A CEO who can't answer that question explicitly is asking the organization to guess. Engineering will optimize for one thing, marketing for another, customer support for a third. The Tesla Model 3 case read like a parable: high-end features that satisfy luxury buyers fail to satisfy mass-market customers, who measure quality by whether the car starts every morning.
John's framing of the gap:
nobody has any idea what quality means, unless you, as the CEO, say what it means, because it can mean 100 different things depending on what you value.
For SAP, quality is reliability and documentation; the people who use the UI aren't the people who see the output, so polish doesn't matter. For some consumer products, design is quality — the Apple Magic Mouse's charging port placement is a quality failure precisely because it violates what Apple's customers expect of the brand. Both definitions are correct. Different markets, different yardsticks, and the CEO sets which one applies - or at least transmits it to the rest of the organization.
This connects to the hidden gap operators face when their team is shipping AI features without a stake in the ground on what quality means for the company. Every feature ships, every feature gets measured against a different yardstick, and the CEO wonders why customer satisfaction seems low despite rapidly shipped features.
The cost of being early is real:
There's no such thing as a best practice yet, because the products aren't even finished yet, right? The innovation's still coming at a rapid pace.
Conservative buyers want a Salesforce template they can copy. There isn't one. Geoffrey Moore named the underlying structure decades ago: small businesses are uniquely bad at innovation because they can't afford the risk that hedge funds and large enterprises absorb routinely. Dharmesh Shah described HubSpot's growth inflection as the moment the product became boring enough for SMBs to trust it. AI is nowhere near boring yet. Small businesses end up forced into innovation they didn't sign up for, on tools that change weekly. The CEOs on this call largely see these challenges as the cost of investing in a new technology that's improving by the day.
For how CEO-defined quality compounds into shipping speed as an organization scales, see Growing Software Quality.
Where to Start
Here are some ideas you can try before our next roundtable.
- Move the source of truth out of the model. GitHub Issues, Linear, a shared doc — anywhere the AI can read state in and write state out without carrying it in context.
- Train the brief. Iterate on the skill that produces your morning memo until the five questions it asks are ones only you can answer.
- Cross model boundaries on review. Author with one model, review with another. The principle is distance; the implementation is whichever pair you have access to.

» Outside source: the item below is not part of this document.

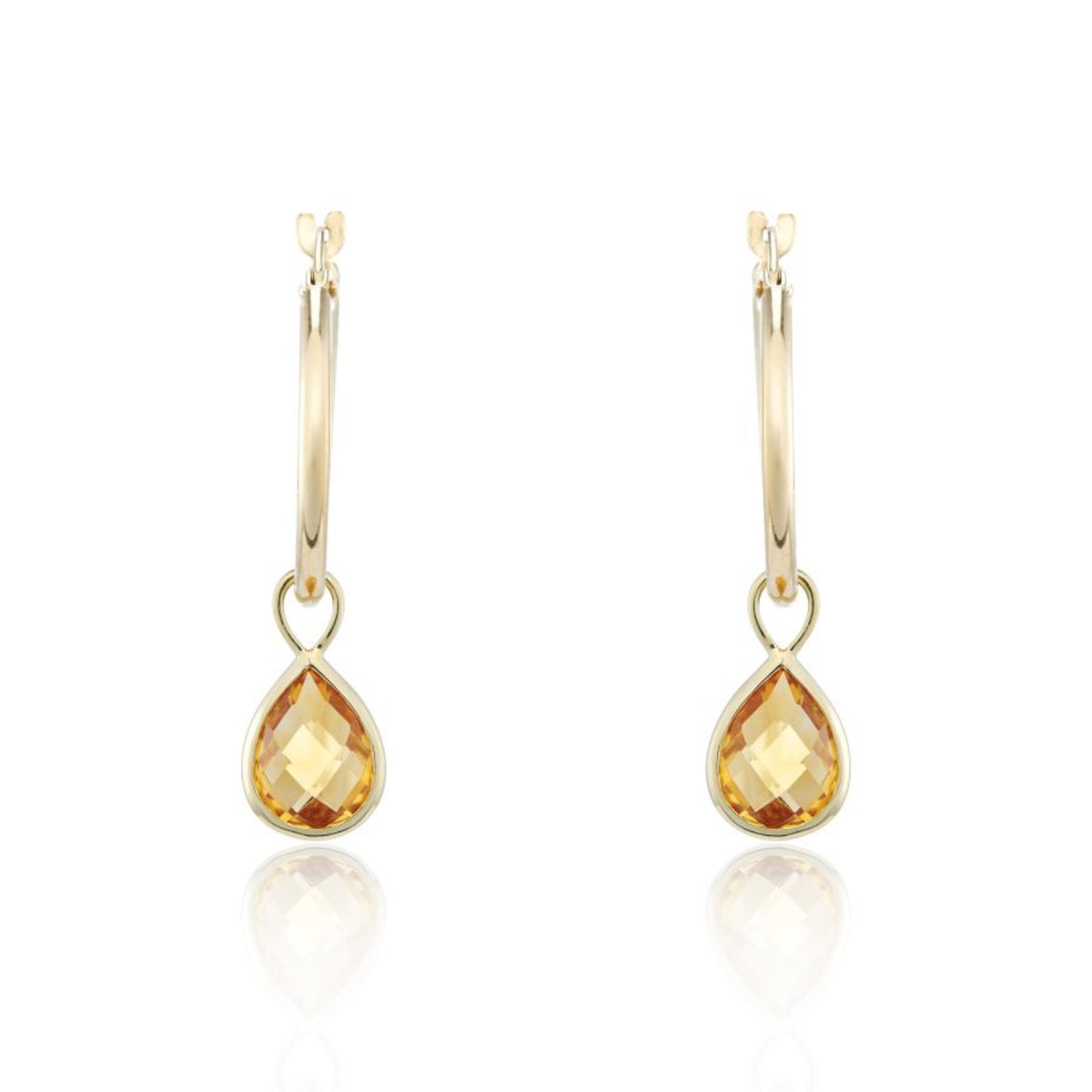 Adorn your ears with these elegant 9ct yellow gold drop hoop earrings, featuring a pear-shaped citrine gemstone pendant.

- Buy a button. A Stream Deck Mini, a programmable keyboard, or anything that converts a keyboard shortcut into a visible affordance. Build a habit of dictating instead of typing.
- Pick the right interface for your buyer. If your customers are non-technical, every workflow that ends in CLI or Git is a market you're not selling into. Build for a metaphor that your customers will understand, or get pushed out by something that does.

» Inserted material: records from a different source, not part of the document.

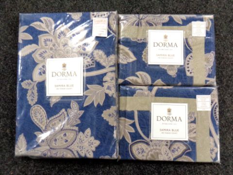 A Dorma Samira Blue 300 thread count double duvet cover together with two Oxford pillow cases (3, new and sealed)
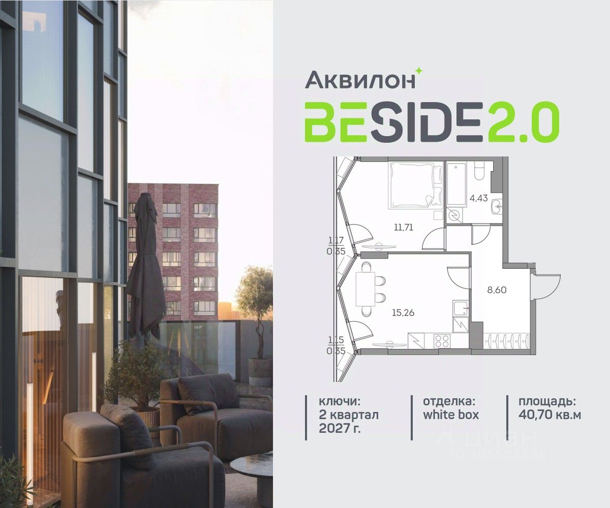 Продается уютная однокомнатная квартира на 4 этаже современного жилого комплекса Beside 2.0. Вид из окон: во двор и на улицу. Срок сдачи: 2 кв. 2027 г.
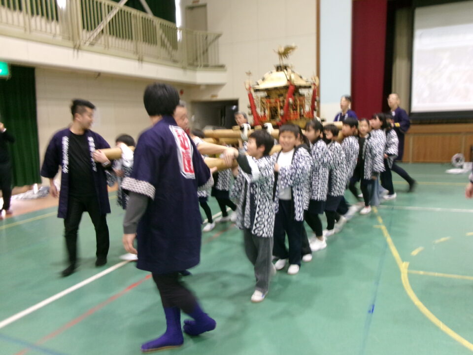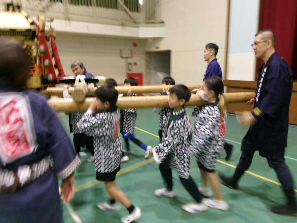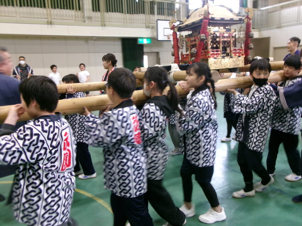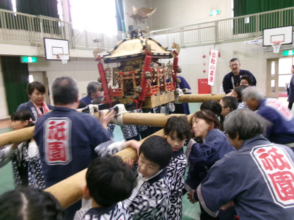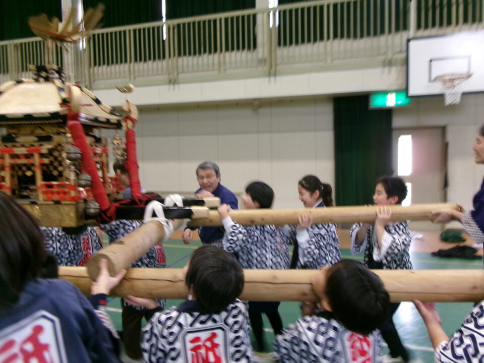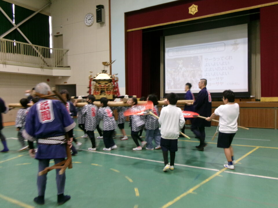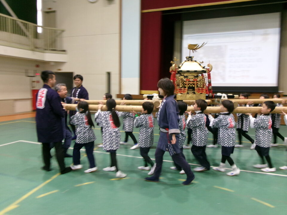 三社みこし世話人会の皆さんが、小学4年生~中学生までがかつげる小若みこしを持ってきていただき、体験をさせていただきました。

- Define quality for your organization. Write it down. Show it to engineering, marketing, and support. If they disagree on what it means, you've found your real problem.
Resources From the Roundtable
- Astro — static site framework Claude can read and write directly; foundation for the friction-free marketing-team workflow.
- Wispr Flow — voice-to-text dictation tool used in the cognitive-interface pattern; one-year subscription removes the optimization spiral.
- Stream Deck Mini — Elgato hardware (~$60) with programmable buttons; the dictate button pattern.
- Tailscale — VPN that creates a fake LAN between devices; foundation for the iPhone-screen-sharing prototype.
- GitHub Issues — the external source-of-truth layer in the graveyard-shift pattern.
- Claude Code — Anthropic's coding agent; the primary author in the author/reviewer split.
- OpenAI Codex — OpenAI's coding agent; the primary reviewer in the same split.